Le Pentax Espio 928

S’il y a bien une gamme d’appareils compacts qui eut du succès, c’est celle des Espio de Pentax.

Petits, légers, bien conçus et souvent performants, ils ont été lancé au début des années nonante (comme le Pentax Espio AF Zoom) pour les plus anciens et ont perduré jusqu’en 2003 (comme le Pentax Espio 24EW) pour les plus récents.

Ce qui est encore un avantage aujourd’hui, car ils ont, théoriquement, moins servis que des modèles sortis dans les années quatre-vingt.

Pour en revenir à celui du jour, s’il s’appelle Espio 928 ici, il se nomme IQZoom 928 outre Atlantique. Il y aura aussi un Espio 928M, moins intéressant car il perd une série de fonctionnalités de l’original, même s’il est un peu plus récent : l’Espio 928 est apparu sur le marché en 1994 et le 928M deux ans plus tard.

Si habituellement Pentax nomme ses compacts en fonction de leur focale, ici ils ont décidé de brouiller un peu les pistes : le zoom se déploie de 28 mm à 90 mm. Vous aurez compris, 928 est le chiffre « mix » des deux focales.

Alors le 928 est un compact pourtant assez imposant, vous ne le mettrez pas dans une poche de Jean’s, mais bien dans un petit sac, ou vous le porterez avec la dragonne au bout du poignet car on le saisit très facilement grâce à sa poignée un peu proéminente.

Sous ses dehors discrets, c’est pourtant un « haut de gamme » que vous aurez en mains, voyons cela de plus près.

C’est son tableau de bord qui retient l’attention : il est constitué de 4 boutons qui encadrent l’écran ACL sur le dessus de l’appareil. Seulement 4 boutons pour gérer :

  • la correction d’exposition
  • la gestion du flash
  • le réglage de l’hyperfocale
  • la pose B
  • les expositions multiples

Ceci implique qu’il y aura parfois des combinaisons de boutons pour couvrir toutes les fonctions (ça, j’aime moins, il faut de la mémoire). Vous trouverez le mode d’emploi en bas de l’article.

Sinon, il offre un beau viseur avec correction dioptrique et des grilles pour la correction de la parallaxe.

Pour le mettre en route, un gros bouton rond ON/OFF, près du viseur, sur lequel il faut appuyer au centre.

Entouré d’une collerette crantée, il permet de passer du mode image classique au monde panorama. Un jeu de caches va venir réduire la fenêtre de visée et dans la chambre, d’autres caches vont masquer une partie de la pellicule pour donner cette impression de « largeur » dans l’image.

Parlons du zoom : un 28mm (ouvrant à f3,5) allant jusqu’au 90mm. Pas vraiment un très grand angle mais déjà bien « large » et un mini télé. Assez pour être très polyvalent.

Il est reconnu pour présenter peu de vignetage et offrir une belle homogénéité partout, avec un beau contraste.

Voyons ce que cela donne : vous avez glissé un CR123 dans la trappe, en dessous de l’appareil. Vous ouvrez la porte arrière pour découvrir la chambre dans laquelle vous allez poser un film. Ce qui est d’une simplicité enfantine : vous tirez sur l’amorce jusqu’à la ligne rouge et vous refermez l’appareil, qui va enrouler le film sur la bobine et le mettre à la première vue, en ayant, au passage, réglé la sensibilité de sa cellule par la lecture du codage DX de votre pellicule.

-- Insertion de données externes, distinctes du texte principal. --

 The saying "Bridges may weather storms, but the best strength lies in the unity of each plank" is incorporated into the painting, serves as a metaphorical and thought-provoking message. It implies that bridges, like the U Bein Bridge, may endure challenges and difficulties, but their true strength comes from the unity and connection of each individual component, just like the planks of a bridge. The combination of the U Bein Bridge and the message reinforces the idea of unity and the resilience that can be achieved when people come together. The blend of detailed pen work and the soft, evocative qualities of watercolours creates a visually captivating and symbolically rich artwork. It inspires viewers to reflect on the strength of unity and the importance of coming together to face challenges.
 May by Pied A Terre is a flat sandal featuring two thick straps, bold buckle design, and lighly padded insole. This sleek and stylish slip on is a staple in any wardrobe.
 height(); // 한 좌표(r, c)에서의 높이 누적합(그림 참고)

Ah, si un « E » apparait sur l’écran LCD, c’est que le film ne s’est pas bien accroché, il faut recommencer l’opération.

Lorsque le 928 s’allume, il se met en position 28mm. Vous changerez la longueur via le bouton en forme de goutte, sur le dessus du boitier.

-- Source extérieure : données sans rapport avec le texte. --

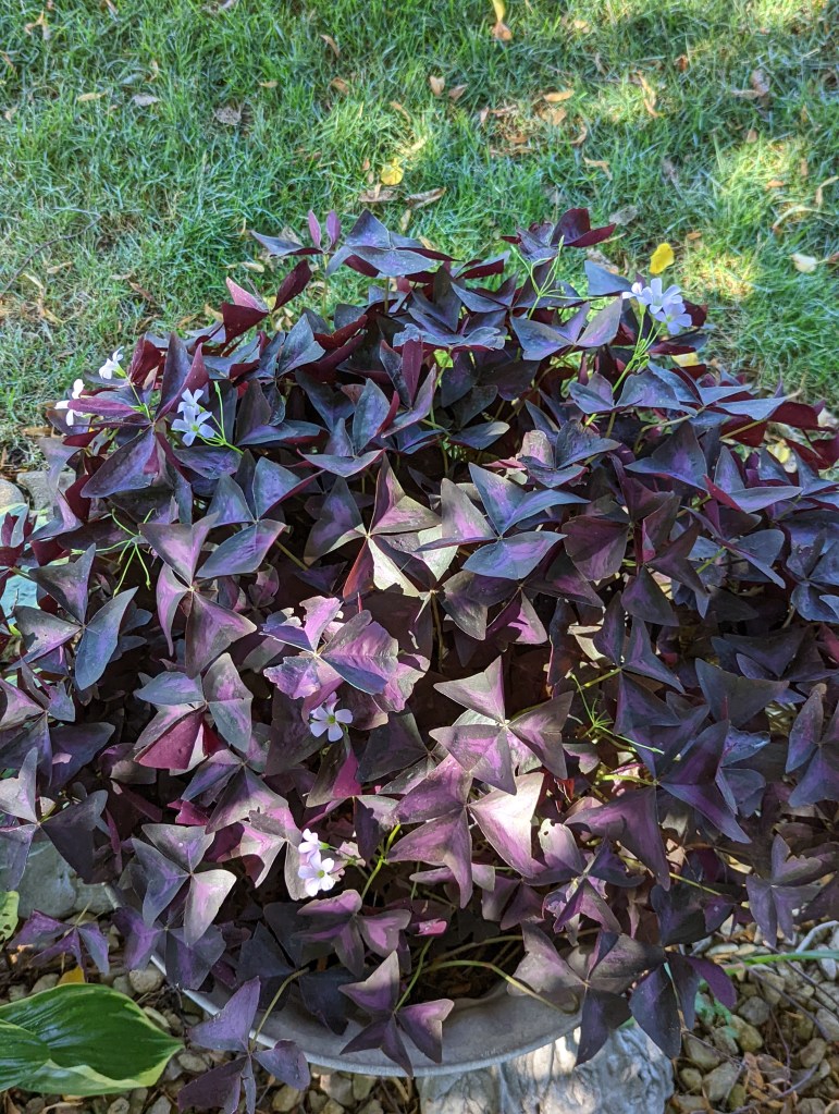 We have two fairly good-sized shamrock plants in pots here. Most summers they can be seen in the area under the linden. One is purple and one is green.
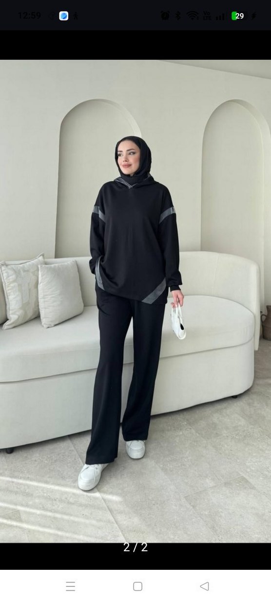 Siyah ve gri renklerde, uzun kollu rahat kesim kadın takımı. Yumuşak ve sıcak kumaştan, günlük kullanıma uygun şık bir görünüm sunar.
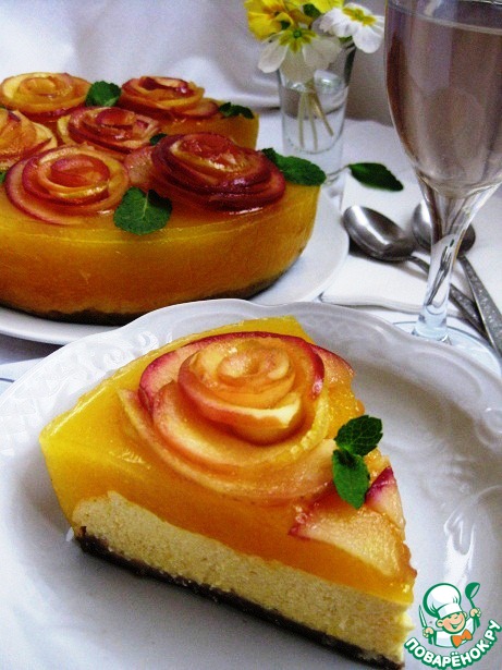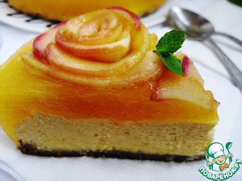 Сверху основы вылить творожно-персиково-б елковую массу. Форму прикрыть фольгой и поставить в пароварку на 40 минут. остудить и убрать в холодильник на несколько часов.
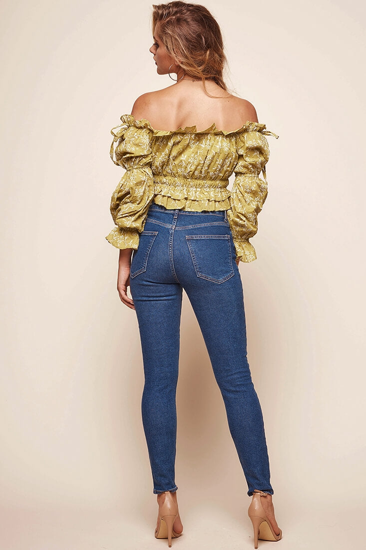 One word. Heaven. Simply put, it's Taryn up our heart. This dreamy Bardot crop-top is just too cute with it's romantic ruffles, elasticated puff sleeves and pretty floral embroidery. Perfect for a day at the mall or a casual night out sipping margaritas with your best gals. Pair it with some white, high waisted bell bottom jeans, winged eyeliner and peach lip. Heaven!
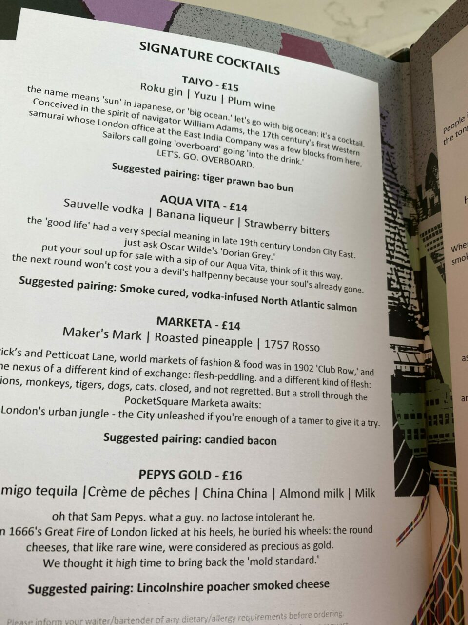 Here you will also find another fantastic mural by Spanish-born street artist Jay Kaes (IG @jaycaes) which is inspired by the urban landscape around the hotel and of course the London Underground. I really liked this one and the way the furniture blended in seamlessly with it. Jay’s artwork can also be seen on the menu for Pocketsquare.
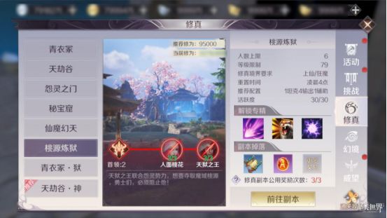 桃源炼狱属于等级较高的修真副本,其最低等级限制为79级,并且修真境界需要达到上仙/狂魔。副本中可以掉落仙魔技能书、A级宠物蛋,并且可以解锁专精。桃源炼狱副本的人数上限为6人,但只需要三人即可开启。下面就给大家带来详细的副本打法分析!

En visant à travers l’objectif, vous verrez la zone de mise au point, avec deux petites lampes sur le côté : lampe verte, l’autofocus est verrouillé et la mise au point nette. Si elle clignote, c’est que vous êtes trop prêt du sujet ou que le boitier ne parvient pas à faire la mise au point.

Par défaut, le flash est en automatique, mais vous pouvez le débrayer. Il y a le mode « anti-yeux rouges » et une fonction qui nécessitera de le poser sur un trépied ou une surface stable, la prise de vue de nuit, qui débraye le flash mais passe en vitesse lente.

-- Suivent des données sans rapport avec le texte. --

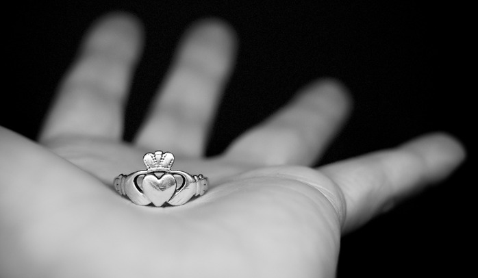 Таким знаком могут стать кладдахские кольца, названные так в честь ничем не примечательной ирландской деревушки. Вернее, почти ничем, кроме одной старинной легенды о невесте, которая ждала-ждала своего жениха, попавшего в плен к арабам, и… дождалась. Через много лет любимый вернулся, и они поженились.
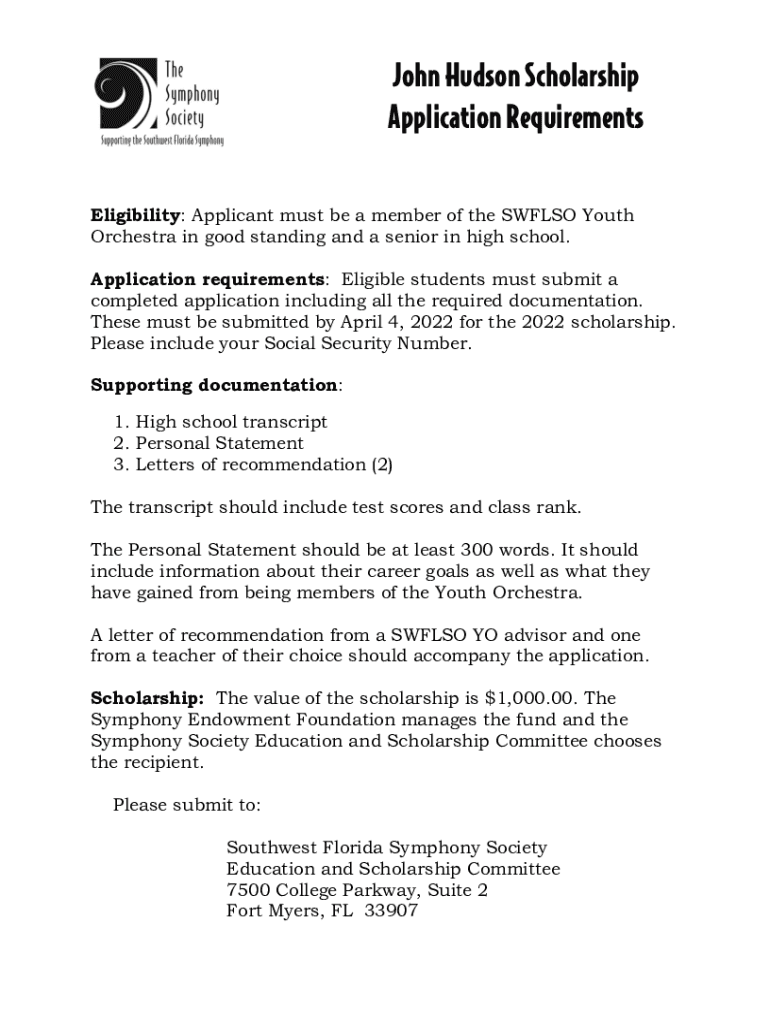John Hudson Scholarship Application Requirements Eligibility: Applicant must be a member of the ALSO Youth Orchestra in good standing and a senior in high school. Application requirements: Eligible
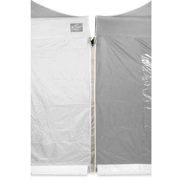 De zijwanden worden met aan de bovenkant klitteband en aan de zijkanten ritsluitingen bevestigd.
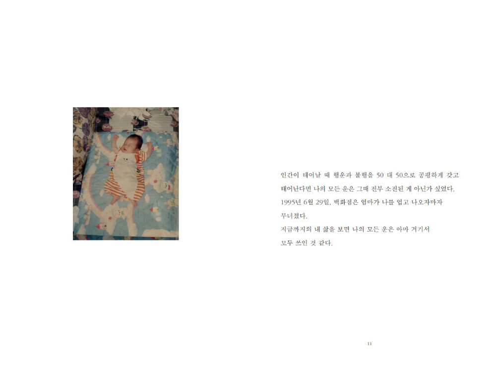 “인간이 태어날 때 행운과 불행을 50 대 50으로 공평하게 갖고 태어난다면 나의 모든 운은 그때 전부 소진된 게 아닌가 싶었다. 1995년 6월 29일, 백화점은 엄마가 나를 업고 나오자마자 무너졌다.

Si la scène est trop sombre, le flash s’enclenche par défaut. Une petite lampe rouge, dans le viseur, vous signale que la scène est sous exposée.

Autre fonction intéressante, le mode infini que vous actionnez en appuyant sur le bouton « montagne ». Utile si votre sujet est au delà des 3m, le boitier se met sur l’infini. En fait, le boitier passe en mode ‘hyperfocale » Et si vous appuyez une seconde fois sur l’icône montagne, vous passez en mode Spot AF.

Encore une pression et le 928 passe en mode Easy Share, c.-à-d. la même chose que le mode infini mais verrouillé au 28mm.

A ce moment là, la mise au point auto est débrayée, ce qui vous autorise à prendre des photos « en rafale » tant que votre doigt est sur le déclencheur.

Attention, l’appareil reste sur ce mode sauf si vous le désactivez ou l’éteignez.

Je vous citais la pose B. Etonnante sur un compact, elle peut atteindre 10 minutes !

Heu, dans ce cas-là, il faut investir dans la télécommande à infra-rouge, sinon risque de bougé et la crampe !

Lorsque vous composez votre image, si vous gardez le doigt enfoncé à mi-course, vous pouvez bloquer la mise au point et ses réglages.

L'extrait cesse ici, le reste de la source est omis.